Task goal: Pull every line holding the word "with" from the data below and copy it.

Dataset excerpts:
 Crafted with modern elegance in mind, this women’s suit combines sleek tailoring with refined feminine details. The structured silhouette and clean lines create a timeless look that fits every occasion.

--

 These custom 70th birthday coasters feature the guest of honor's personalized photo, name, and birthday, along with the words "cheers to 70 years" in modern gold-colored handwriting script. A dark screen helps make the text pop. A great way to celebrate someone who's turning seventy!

---

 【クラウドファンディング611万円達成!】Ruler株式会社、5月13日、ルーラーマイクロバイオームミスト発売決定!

Answer section:
 Crafted with modern elegance in mind, this women’s suit combines sleek tailoring with refined feminine details. The structured silhouette and clean lines create a timeless look that fits every occasion.
 These custom 70th birthday coasters feature the guest of honor's personalized photo, name, and birthday, along with the words "cheers to 70 years" in modern gold-colored handwriting script. A dark screen helps make the text pop. A great way to celebrate someone who's turning seventy!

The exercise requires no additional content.